Insurability refers to the general acceptability by an insurance company


of an applicant for insurance coverage. Insurance companies assess the
applicant's insurability based on underwriting review, which may include
factors such as the applicant's current health status, medical history,
occupation, hobbies, and driving record, among others. Insurability
affects the policy's approval and premium rates.

Insurance:

Insurance is a system for reducing risk by transferring the risks of


several individual entities (policyholders) to one entity, typically an
insurance company. Each individual entity pays a monetary
consideration, known as premiums, to the insurance company in
exchange for coverage against specified risks or events. In case of a
covered event (such as death or disability), the insurance company
provides financial protection to the insured or their beneficiaries.

Types:

Term Insurance:

Term insurance is the most basic type of life insurance. It provides life
cover with no savings or profits component. The policyholder pays
regular premiums for a specific term, usually ranging from 1 to 30 years.
If the policyholder passes away during the term, a fixed sum of money
called the "sum assured" is paid to the beneficiaries. However, if the
policyholder survives the term, there is no payout, and the coverage
ends. Term plans are affordable compared to other life insurance plans
as they focus solely on providing life cover without any investment
component.

Endowment Plans:

Endowment plans differ from term plans in that they offer both death
and survival benefits. If the policyholder passes away during the policy
term, the sum assured, along with any profits or bonuses, is paid to the
beneficiaries. On the other hand, if the policyholder survives the term,
the sum assured is also paid out. Endowment plans charge higher
premiums compared to term plans as they include an investment
element. The premiums paid by policyholders are invested in the market
(equities and debt), and the profits generated are distributed as bonuses.

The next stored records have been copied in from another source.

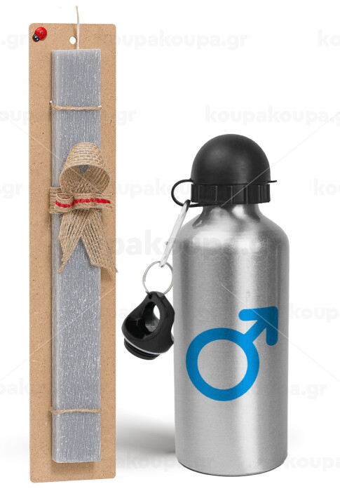 MALE, Easter Set, metallic silver aluminum water bottle (500ml) & aromatic flat Easter candle (30cm) (GRAY)
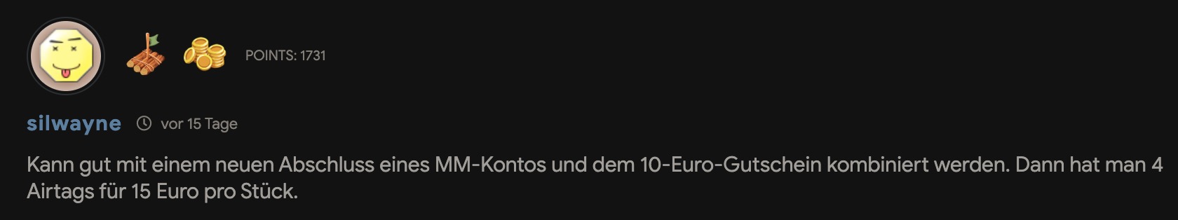 "Kann gut mit einem neuen Abschluss eines MM-Kontos und dem 10-Euro-Gutschein kombiniert werden. Dann hat man 4 Airtags für 15 Euro pro Stück."
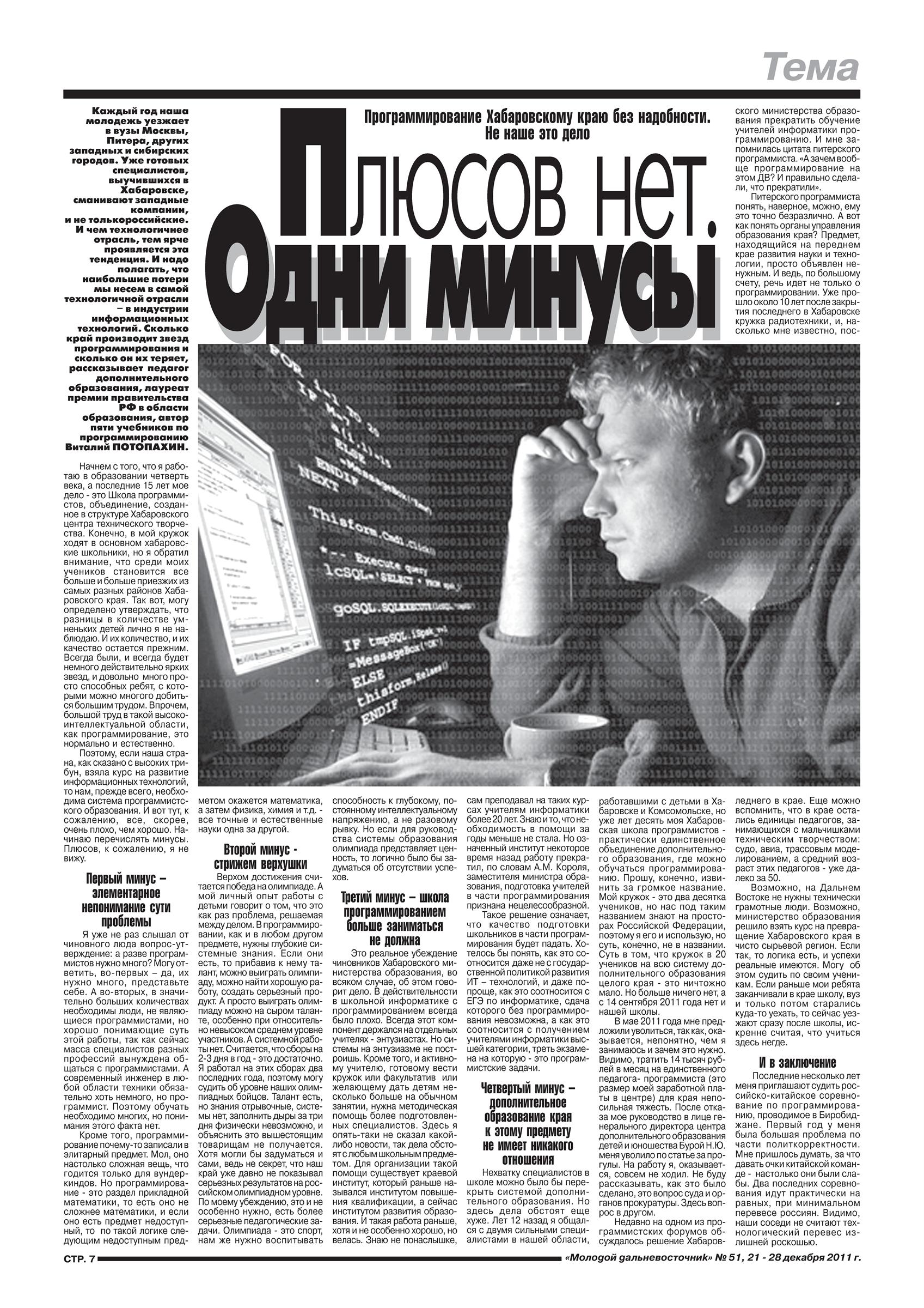 Думаю, что после нового года мне удастся возобновить занятия школы программистов. Но это только первый шаг конечно. Сейчас речь идет не о моей личной обиде, а в целом о отношении системы образования края к нашему предмету. Поэтому будем воевать дальше.
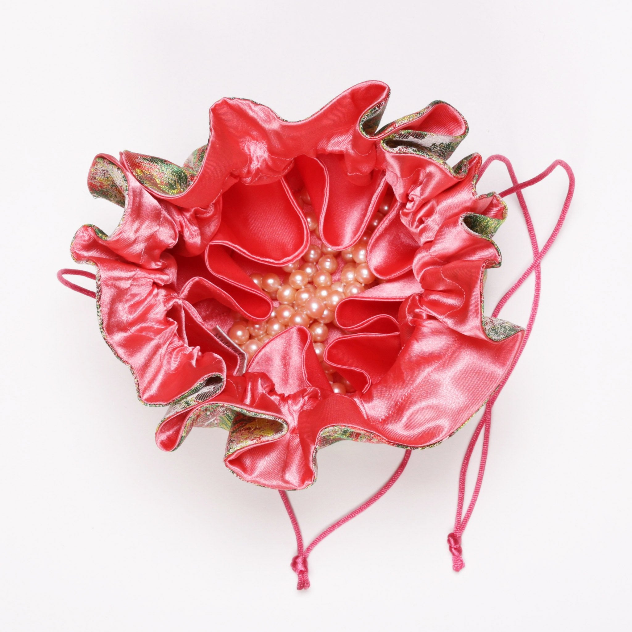 These drawstring jewelry pouches are made of polyester fabrics. The colors of drawstrings, body fabrics, and lining fabrics are coordinated to achieve an optimal visual impact.
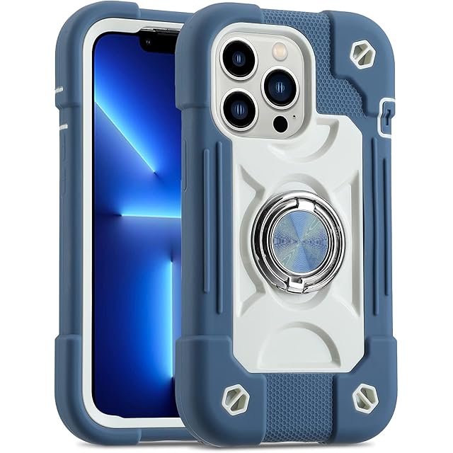 商品名:iPhone 15 Plus ケース 耐衝撃 頑丈 360度回転スタンド リング付き付き 虹色 かわいい アイフォン15 Plus ケース 車載ホルダー対応 落下防止 ストラップホール付き アウトドア 子供 仕事用 (霧ブルー)
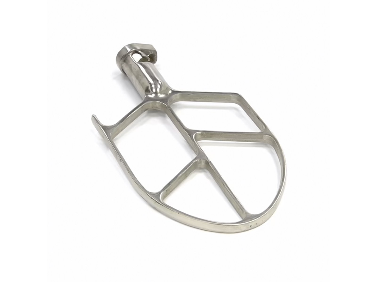 Denne Maxima-spartel er kompatibel med MPM 10L røremaskiner produceret efter 2017. Den er fremstillet af fødevaregodkendt rustfrit stål, der både er slidstærkt og hygiejnisk. Designet følger maskinens indre kontur for at sikre, at alle ingredienser bearbejdes jævnt under blandingsprocessen.
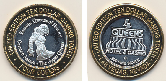 Pues, evidentemente, porque la consideran una de las reinas de la historia, de hecho, la famosa reina gitana, así reza la inscripción en la moneda (Famous Queens of History. The Gypsy Queen). El Four Queens suele hacer silver strikes de reinas famosas (como la Reina de Corazones) o de cosas o eventos que tengan 4 caracterizaciones (los palos de una baraja, las 4 estaciones, etc) o, simplemente, eventos de interés. Queda claro que la fama de Carmen Amaya como bailarina gitana en Estados Unidos sigue vigente.

Unit Linked Insurance Plans (ULIP):

ULIPs are a variation of traditional endowment plans. They offer both


death and maturity benefits. In the event of the policyholder's death or
upon maturity, the sum assured or the value of the investment portfolio
(whichever is higher) is paid out. ULIPs are different from traditional
endowment plans because they are linked to the market. Policyholders
have the flexibility to choose the allocation of their investments in stocks
and debt. The performance of ULIPs is tied to the market's performance,
as reflected in the Net Asset Value (NAV). ULIPs are a combination of
investment and insurance, making them distinct from mutual funds,
which are purely investment-oriented.

Whole Life Policy:

A whole life insurance policy provides coverage for the policyholder's


entire life, hence the name "whole life." The policyholder pays regular
premiums until their death, and upon death, the corpus (the policy's
accumulated value) is paid out to the family or beneficiaries. The key
feature of a whole life policy is that it does not have a defined term; it
provides life cover throughout the individual's lifetime. Whole life
policies do not expire unless there is an eventuality (the policyholder
passing away).
Money Back Policy:

Money back policies are a variant of endowment plans. These policies


provide periodic payments over the policy term. A portion of the sum
assured is paid out at regular intervals during the policy term. If the
policyholder survives the term, they receive the remaining sum assured.
However, in the case of death during the policy term, the full sum
assured is paid to the beneficiary.

These different types of life insurance policies cater to various needs and
preferences of policyholders, and individuals can choose the one that
best aligns with their financial goals and circumstances. It's essential to
thoroughly understand the features, benefits, and limitations of each
type before making a decision. Seeking advice from a financial advisor or
insurance professional can be beneficial in making an informed choice.